My mom and I went hiking yesterday to Snow Lake near Snoqualamie Pass. Sylvia was there in the last wildflowers of summer.
Sylvia was born in August and it is now September. Which means I could now say my daughter died last month. Fall is rolling in, my favorite season, but she was born more in the summer. So she died in a different season. My birthday is coming up, but she died when I was 29, not 30. Time is moving on even though I feel completely paralyzed, trying to hold on to the ‘nearness’ of her being here…last month, last season, last year. Time is different now for us. It moves painfully, shockingly slow. I have never seen a new mom post pictures with a caption of, ‘Wow my baby is 3 months old! This has been the longest 3 months of my life! Time has just drug by!’ It is usually the complete opposite with begs and pleads for time to slow down and their baby to stay a baby forever, to stop growing and to preserve moments. Time flies for them. I always get the idea that if you ask a mom about the concept of time in relation to their growing children, their answer would be relating it to a fast forward, but only in hind sight. One day they look at their toddler…and realize they have a toddler.
Our time is slow. My days drag, weeks take forever and this five weeks has been the longest of my life. It’s only been five weeks. I keep having to remind myself. Five weeks. Five weeks. Five. Weeks. I mentioned in an earlier post that I related our lives after Sylvia’s death to being diagnosed with a terminal illness. This terminal illness, however, allows you to live as long as you normally would, but everything you do, for every second of your day, you will be thinking about it, you will be consumed by it, you will grieve about it, you will fear it, you will have flash backs that debilitate you and you will feel an emptiness that is unimaginable. You can function, but only on a level that the chaos and sadness that is constantly pounding in your head allows. But! You also will remember the happiness, cling to the memories and pray you can find joy again. Your lows are to a depth that only those with the same diagnosis can relate and your highs will never be as high, or not without pangs of sadness. But this disease won’t kill you, it just is there, exhausting you mentally, physically and emotionally. Every, single, second until you die, just as you normally would have, except you are not the same.

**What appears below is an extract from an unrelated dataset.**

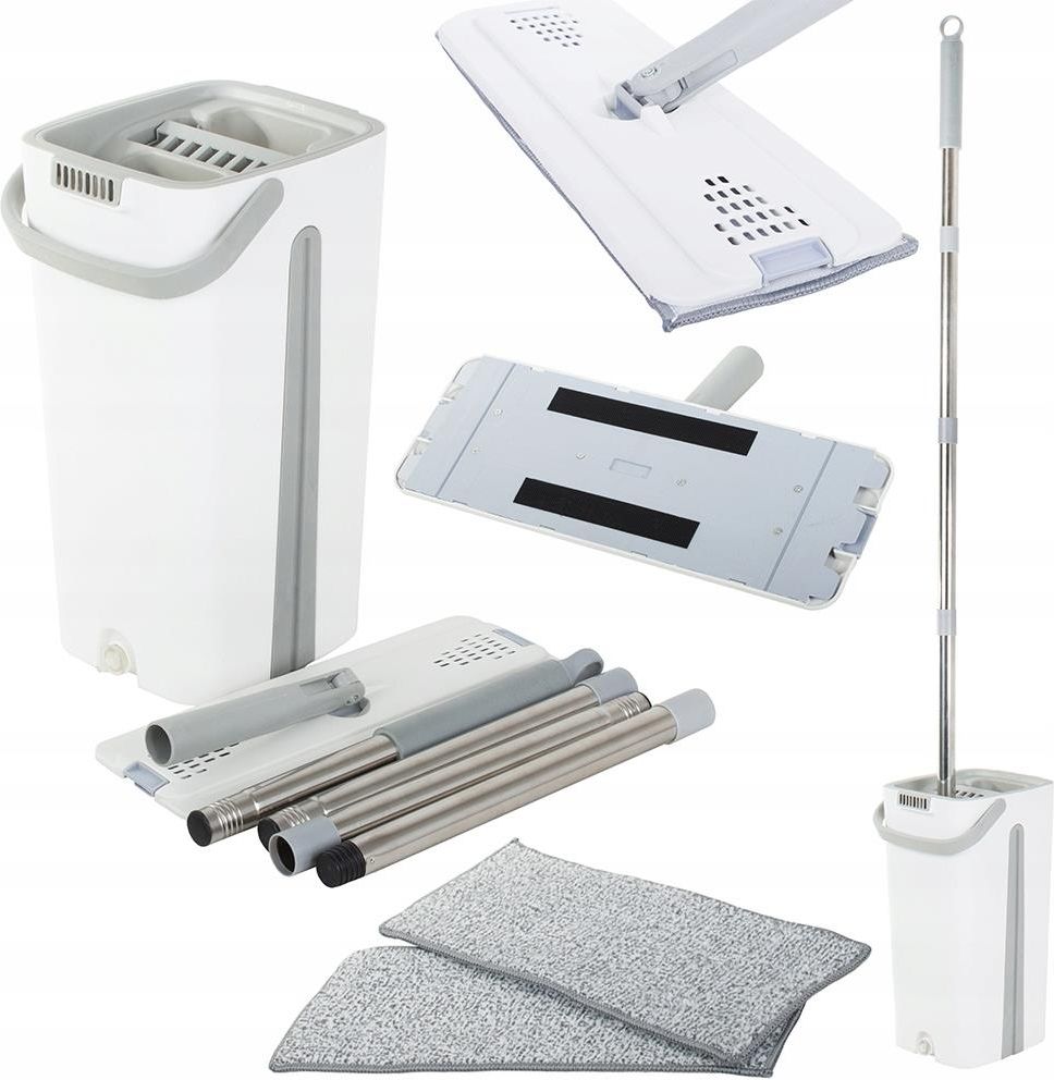 Mop płaski obrotowy z wyciskaczem i wiaderkiem Mop to rewelacyjne urządzanie do sprzątania. Jest niezwykle lekki, poręczny i wygodny w użyciu. Idealnie nadaje się do mycia wszystkich rodzajów podłóg. Dzięki swojej konstrukcji dotrze do najbardziej odległych zakamarków w twoim domu. Cechy produktu Wyciskanie wkładu mopa z wody możliwe jest bez brudzenia i moczenia rąk Wiadro posiada dwie komory - na wodę czystą i brudną 2 x Wkład z mikrofibry w zestawie -o wymiarach 32x12cm Nadaje się zarówno do podłóg drewnianych, paneli, płytek, podłóg kamiennych, linoleum i marmuru Elastyczne złącze zapewnia dotarcie w najtrudniej dostępne miejsca Nie pozostawia smug Efektywne i skuteczne wyciskanie mopa bez chlapania Drążek teleskopowy z możliwością zawieszenia o długości 120cm Kompaktowe wiaderko, dzięki czemu mop zajmuje bardzo mało miejsca, co jest znaczną zaletą zwłaszcza w niewielkich łazienkach. Wiadro o pojemności 2x 4,5L Specyfikacja techniczna: Minimalna wysokość mopa z drążkiem: 80 cm Długość drążka po rozłożeniu 120 cm Wymiary wkładu z mikrofibry: 32 cm x 12 cm Wymiary wiadra: 37,5 cm x 23,5 cm x 19,5 cm Dostępne kolory: BEŻOWY Zawartość zestawu: Wiadro dwukomorowe z nakładką do odsączania Drążek teleskopowy 120 cm Stopa 2 x wkład z mikrofibry

That is the closest I can come in a feeble writing attempt to create an analogy of life after your child dies.
I have come up with lots of analogies, attempts at an explanation of my thoughts and emotions that I thought originally were to help others understand. I realize now that these comparisons, metaphors and phrases are really just to try and help my very analytical brain understand what still seems totally and completely unreal. I keep talking and stumbling and processing and crumbling and writing and crying to create some connection in my head that this is my life, for the rest of my life. It has been five weeks. I will live the rest of my life like this. As I have quoted before, this pain is not a burden. Perhaps hourly I thank Sylvia for her life, her love and her legacy. We are so thankful, grateful and honored to be her parents.
It’s fall now, little girl. You would have loved it.